_YOUR OBJECTIVE_
Lines from the one with "本日グラウンドにて、全校集会が行われました。" up to and including the one with "本文介绍将 VeADK Agent" are to be copied exactly from the records below, without their pictures.

_EXTRACTED MATERIAL_
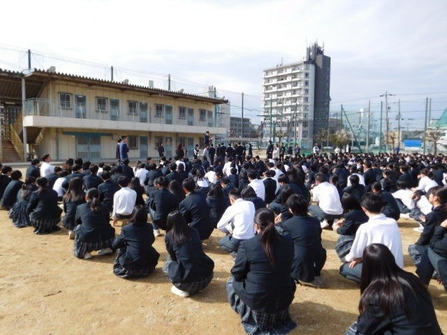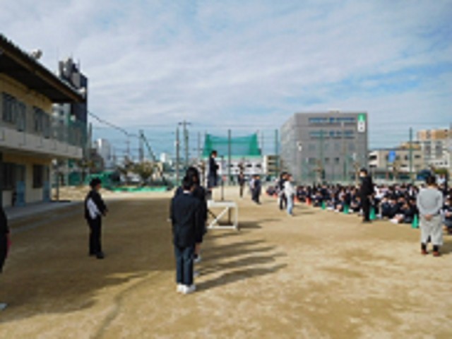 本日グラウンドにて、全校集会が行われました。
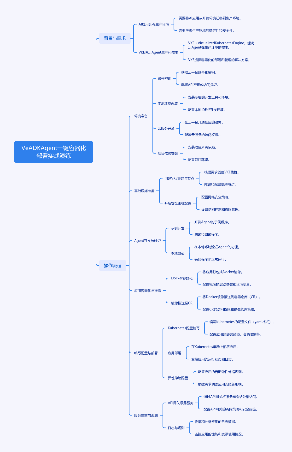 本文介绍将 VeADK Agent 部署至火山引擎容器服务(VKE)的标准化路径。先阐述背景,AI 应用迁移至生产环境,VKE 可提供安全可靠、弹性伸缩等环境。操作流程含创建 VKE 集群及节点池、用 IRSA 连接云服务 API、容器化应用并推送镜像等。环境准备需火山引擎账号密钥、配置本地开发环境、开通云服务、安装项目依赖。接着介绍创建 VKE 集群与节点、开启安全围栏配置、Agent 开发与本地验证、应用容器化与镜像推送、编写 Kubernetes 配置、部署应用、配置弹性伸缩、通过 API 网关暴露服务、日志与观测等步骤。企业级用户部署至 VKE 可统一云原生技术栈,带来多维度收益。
...
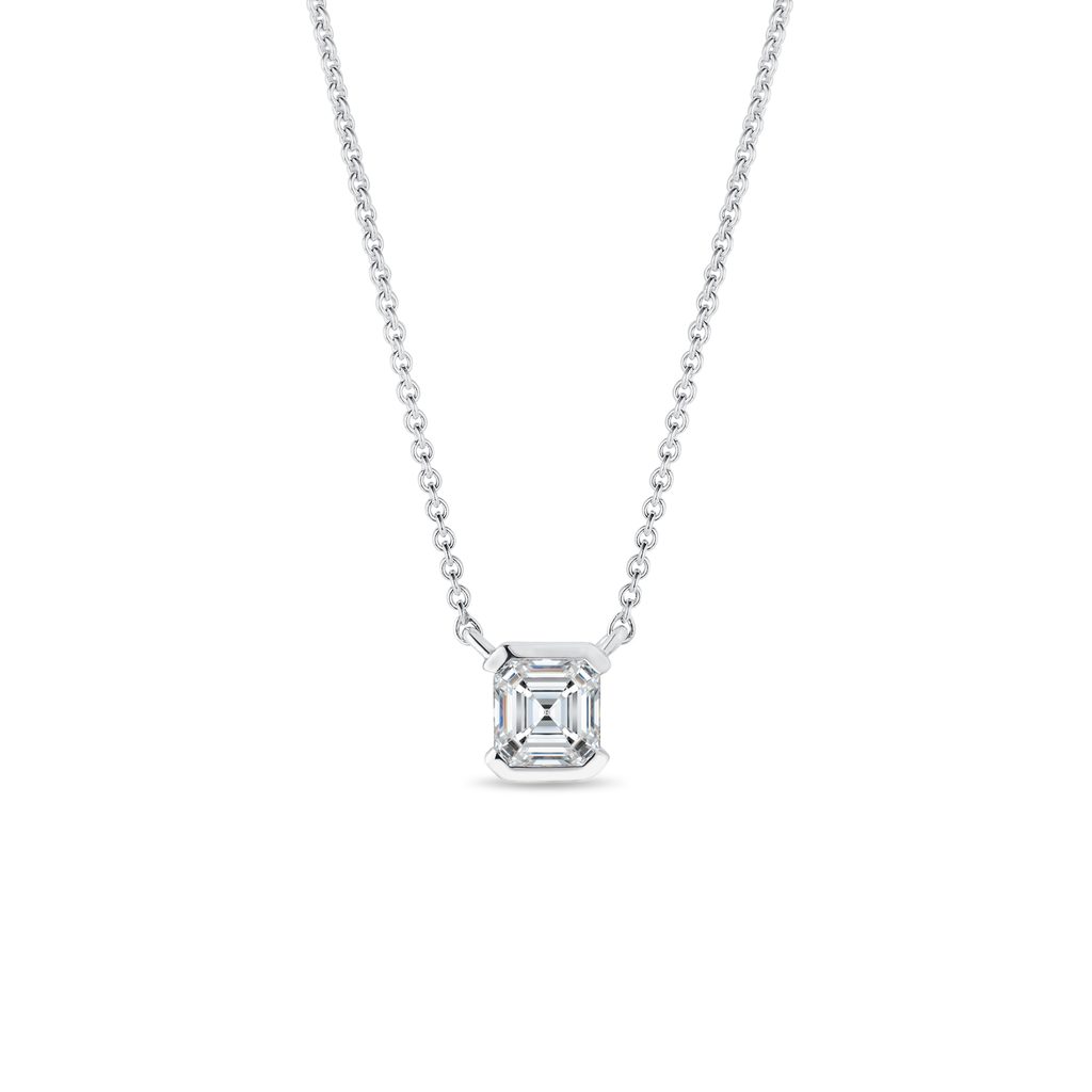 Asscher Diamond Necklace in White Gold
==
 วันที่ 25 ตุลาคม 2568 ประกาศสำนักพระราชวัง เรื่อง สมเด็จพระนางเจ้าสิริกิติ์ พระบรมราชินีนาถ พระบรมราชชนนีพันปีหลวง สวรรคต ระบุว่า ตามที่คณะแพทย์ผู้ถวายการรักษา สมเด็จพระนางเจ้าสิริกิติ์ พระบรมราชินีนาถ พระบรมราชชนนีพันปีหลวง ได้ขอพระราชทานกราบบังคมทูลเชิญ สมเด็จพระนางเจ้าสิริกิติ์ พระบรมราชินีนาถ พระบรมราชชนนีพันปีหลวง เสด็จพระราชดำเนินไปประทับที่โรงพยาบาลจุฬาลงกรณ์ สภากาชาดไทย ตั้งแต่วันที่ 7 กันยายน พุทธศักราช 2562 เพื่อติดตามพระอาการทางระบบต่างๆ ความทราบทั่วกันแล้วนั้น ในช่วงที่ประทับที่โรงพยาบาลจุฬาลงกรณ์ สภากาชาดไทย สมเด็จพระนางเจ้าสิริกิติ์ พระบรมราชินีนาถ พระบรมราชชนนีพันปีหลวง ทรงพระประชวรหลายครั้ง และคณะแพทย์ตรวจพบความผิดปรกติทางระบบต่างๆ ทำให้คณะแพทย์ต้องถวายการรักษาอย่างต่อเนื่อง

_EXPECTED OUTPUT_
 本日グラウンドにて、全校集会が行われました。
 本文介绍将 VeADK Agent 部署至火山引擎容器服务(VKE)的标准化路径。先阐述背景,AI 应用迁移至生产环境,VKE 可提供安全可靠、弹性伸缩等环境。操作流程含创建 VKE 集群及节点池、用 IRSA 连接云服务 API、容器化应用并推送镜像等。环境准备需火山引擎账号密钥、配置本地开发环境、开通云服务、安装项目依赖。接着介绍创建 VKE 集群与节点、开启安全围栏配置、Agent 开发与本地验证、应用容器化与镜像推送、编写 Kubernetes 配置、部署应用、配置弹性伸缩、通过 API 网关暴露服务、日志与观测等步骤。企业级用户部署至 VKE 可统一云原生技术栈,带来多维度收益。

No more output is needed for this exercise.